Nazaire turned in his seat, and said, “Silkie?”

The old-timer turned to look at Nazaire.

Photo Credit silk worms Pixabay CCO 1.0


“Silk train, out of Vancouver prob’ly. Push th’other trains off the main line on accounta the cargo they’s carry’ng,” he said.

“What kind of cargo?” Raoul asked as surrounding passengers leaned in close to overhear.

The old-timer whispered, “Not suppose’ta say. Railroad don’t like people findin’ out. Secret, you know.”


“What’s in the cargo cars?” Nazaire asked.

The old-timer let fly a wad of chaw, the snuff hitting the edge of the gray velveteen seat with a twang.

“Silk worms come into Vancouver Harbor di-rect from Hong Kong in Jay-pan to the rail yard. Them gets loaded onta special heated cars. Under guard. Orders are shoot to kill anyone who’s delay the packin’ and trainin’ out. Each silk train worth mabbe five, ten million dollars.”

“Sounds like a story,” a well dressed, young woman said from across the aisle.

“No, no story, lady. Them silkies run from Vancouver inta New York in ‘bout thirty hours. They’s goes non stop ‘cept for puttin’ on water an’ food with fresh crews, an’ wood o’ course, for the engine.”

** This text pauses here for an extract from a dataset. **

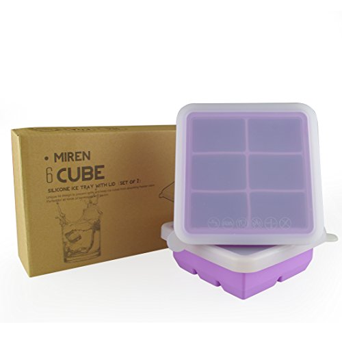 Mirenlife 6 Cube Premium Silicone Ice Cube Tray with Lid, Set of 2, Macaron Purple

“So the train don’t stop for all the stations?” Raoul asked.

“Right. It’s gonna stop mabbe three times before it gets ta New York. Mabbe change engine to a fresh one.”

“Where on the wrong train,” Raoul whispered to Nazaire.

“No, it don’t take no passengers, only the worms. Ain’t that a hellofa thing.”


“They shoot to kill, you say?” The young woman asked.

“Yessum, they’s do. You watch. Ev’ry time a silkie comes by a station, you’ll see two riflemen come outside, hang on the handrails of the Engineer’s Walk an’ two others standing on each side the caboose, leanin’ out far, watchin’ for trouble, damned ready to shoot anyone who slows down them trains. I reckon them worms must be real delicate, easy to die.” He looked from the young woman to Nazaire and Raoul, then back out his window.

“What do they do with the silk worms?” A young boy asked.

“Delicates, boy, fancy silks for women,” he said, “stupid boy.”

A Canadian Pacific Railway cargo train came upon the passenger train on the siding, its engine roaring louder that Jehovah. Each coach car swayed in the wake of the displaced air as the faster train whizzed by, like a herd of buffalo outracing an idle animal, the thrown air rattling against the window glass.